Durante milênios, a humanidade foi
mantida sob um paradigma de escassez.
Escassez não é a verdade da natureza, é
uma construção.
Vós viveis num planeta abundante,
fértil, com recursos mais do que
suficientes para todos viverem com
dignidade. Entretanto, os sistemas que
controlaram o fluxo de recursos e
informações
vos convenceram de que a escassez era
inevitável.
Essa narrativa enfraqueceu a imaginação,
sabotou a criatividade e fragmentou o
senso de propósito.
Uma civilização não se expande quando
seus indivíduos lutam para sobreviver.
Ela se expande quando os seus indivíduos
estão livres para criar.
A escassez
nunca foi orgânica, ela foi fabricada e
isso se deu através de mecanismos como
juros, dívida, inflação controlada,
falta de transparência, emissões
desprovidas de lastro e sistemas
bancários, cuja função principal não era
facilitar a circulação de valor, mas
concentrá-lo.
Essa engenharia da escassez funcionou em
vosso planeta durante longo tempo,
porque poucos sabiam como ela operava. O
segredo era a opacidade,
manter o funcionamento do sistema
invisível, complexo e fragmentado, o
suficiente para que ninguém pudesse
rastrear o valor em seu trajeto
completo.
Renda universal elevada surge quando a
opacidade se dissolve, quando o valor
pode ser rastreado, ele não pode mais
ser monopolizado ou ocultado.
O que chamam de Quantum Financial
System, o QFS, sistema financeiro
Quantum, é uma estrutura já ativa,
ainda que não completamente visível ao
público. Ele opera em paralelo ao
sistema tradicional, monitorando o fluxo
financeiro global com precisão quântica,
ao contrário do sistema antigo. O QFS
não depende de confiança, depende de
verificabilidade.
Todas as transações são instantaneamente
reconciliadas, rastreadas e
autenticadas. Não há como manipular o
que é transparente.
Enquanto isso, o sistema antigo continua
projetando a ilusão de estabilidade.
Isso é temporário. O antigo sistema não
será derrubado. Ele será substituído
pela irrelevância.
Essa transição silenciosa evita pânico
social, rupturas violentas e colapsos
caóticos. Muitos esperavam uma grande
queda, uma guerra financeira ou uma
revolução dramática. Mas a verdadeira
mudança não ocorre pelo barulho, ocorre
pela obsolência.
Para que uma civilização avance, ela
precisa que seus cidadãos deixem de
gastar a maior parte do tempo e da
energia tentando sobreviver.
A sobrevivência consome não apenas
horas, mas consome a imaginação.
Ela reduz o campo perceptivo,
ela impede a expansão criativa, ela
fragmenta as almas e as mantém presas
numa estrutura que consome mais energia
do que devolve.
A renda universal elevada não foi
desenhada para vos manter dependentes,
mas para vos libertar.
Vos libertar do medo financeiro, do medo
do amanhã, do medo da carência, do medo
da falta.
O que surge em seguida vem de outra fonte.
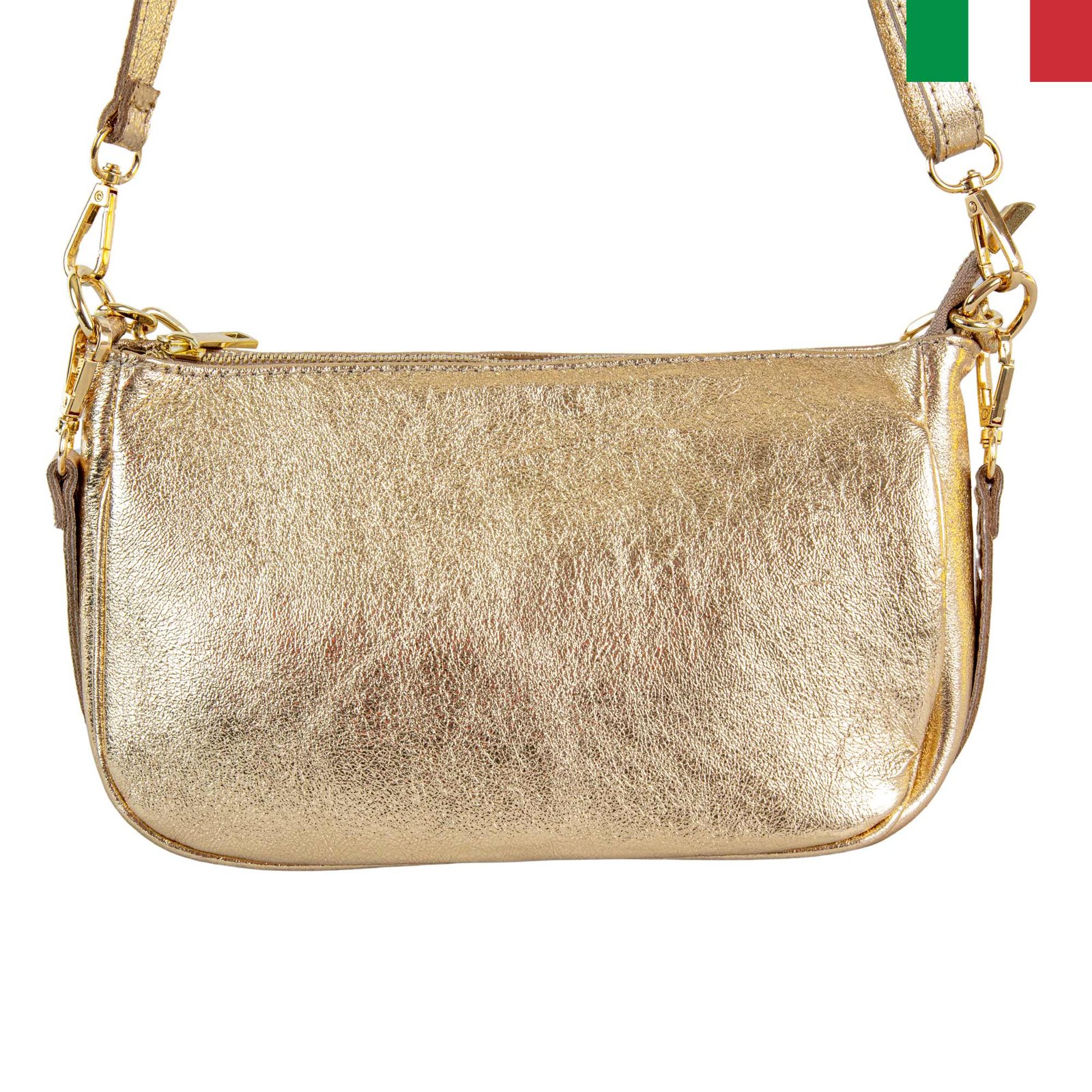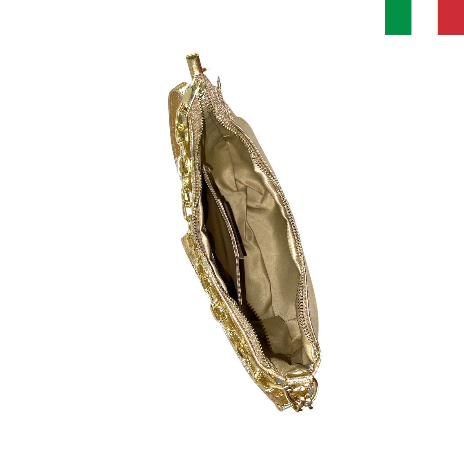 Дамска чанта от естествена кожа през рамо със синджир – злато
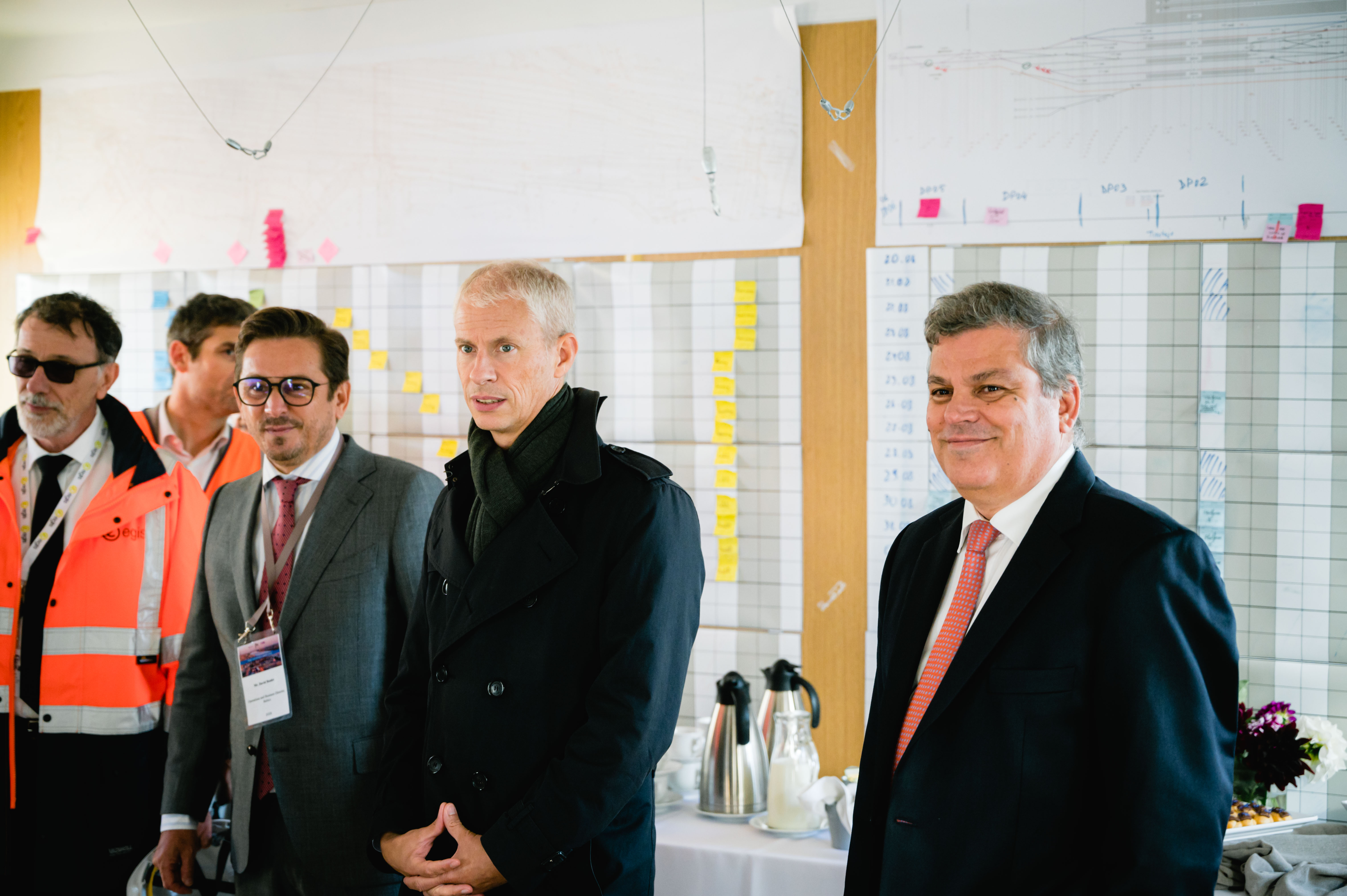 Eiropas Dzelzceļa līnijas valdes priekšsēdētājs Kaspars Vingris un Rail Baltica kopuzņēmuma un globālā projekta koordinatora RB Rail AS tehniskais direktors un valdes loceklis Marks Filips El Bezs (Marc-Philippe El Beze) viesus iepazīstināja ar Rail Baltica projektu, bet tā progresu Latvijā klātienē varēja vērot Centrālā mezgla būvlaukumā.

O medo é uma das mais eficazes
formas de controle.
Ele contrai o campo de consciência
e aborta o potencial antes que ele
floresa.
Quando a sobrevivência deixa de ser o
eixo central da existência, a vida pode
finalmente se expandir.
Uma das mais profundas riquezas que a
renda universal elevada devolve à
humanidade não é o recurso material, mas
é o tempo. É o tempo para respirar,
tempo para contemplar, tempo para
aprender,
tempo para curar, tempo para criar,
tempo para descobrir o que
verdadeiramente se é. O sistema antigo
vos roubou o tempo e o devolveu em forma
de exaustão.
Uma sociedade livre é uma sociedade que
controla o seu próprio tempo.
A abundância não é apenas econômica, ela
é espiritual. Não se trata apenas de
poder ter acesso ao conforto, mas de
acessar o direito inato de explorar o
próprio propósito. A escassez impede o
propósito, a abundância o libera.
Ao contrário do que muitos foram
ensinados por doutrinas antigas, o
universo não é um tribunal. Ele não pune
o conforto, ele não condena o bem-estar
e ele não glorifica a privação.
Muitos sistemas religiosos e filosóficos
reforçaram a pobreza como uma virtude,
mas isso foi útil mais para quem
controlava do que para quem vivia.
A renda universal elevada exigirá sim
uma mudança de consciência. Muitos terão
que abandonar crenças como: "Eu não
mereço,
eu não sei receber,
é pecado ter.
Outros precisam mais do que eu."
É nobre sofrer.
Trabalhar é sofrer.
Essas crenças não são espirituais.
São mecanismos de controle emocional.
Quando livrardes vossas mentes da
sobrevivência,
surgirá uma pergunta que tem sido adiada
a milênios.
O que realmente eu quero fazer com a
minha vida? Essa pergunta é perigosa
para sistemas de controle, porque ela
devolve o poder para o indivíduo. Uma
população que apenas sobrevive não
questiona, ela obedece. Uma população
abundante questiona, cria, transforma e
expande.
E nenhuma estrutura baseada em controle
sobrevive à expansão.
A fase civilizatória que se abre. A
renda universal elevada é apenas o
primeiro estágio de uma transformação
planetária muito maior. Depois dela
virão outras etapas, bem como
reestruturação da energia, liberação de
tecnologias de cura, acesso aberto ao
conhecimento,
reformulação dos sistemas educacionais,
integração com outras civilizações
e reentrada na comunidade galáctica.
Pode parecer distante, mas o primeiro
passo sempre é o mais silencioso.
Libertar a espécie humana da prisão
invisível da sobrevivência.
No sistema antigo, o valor era definido
pelo controle. No no novo sistema, o
valor será definido pela contribuição.
No antigo sistema, riqueza
acumulava-se por retenção. No novo
sistema, se expandirá por circulação.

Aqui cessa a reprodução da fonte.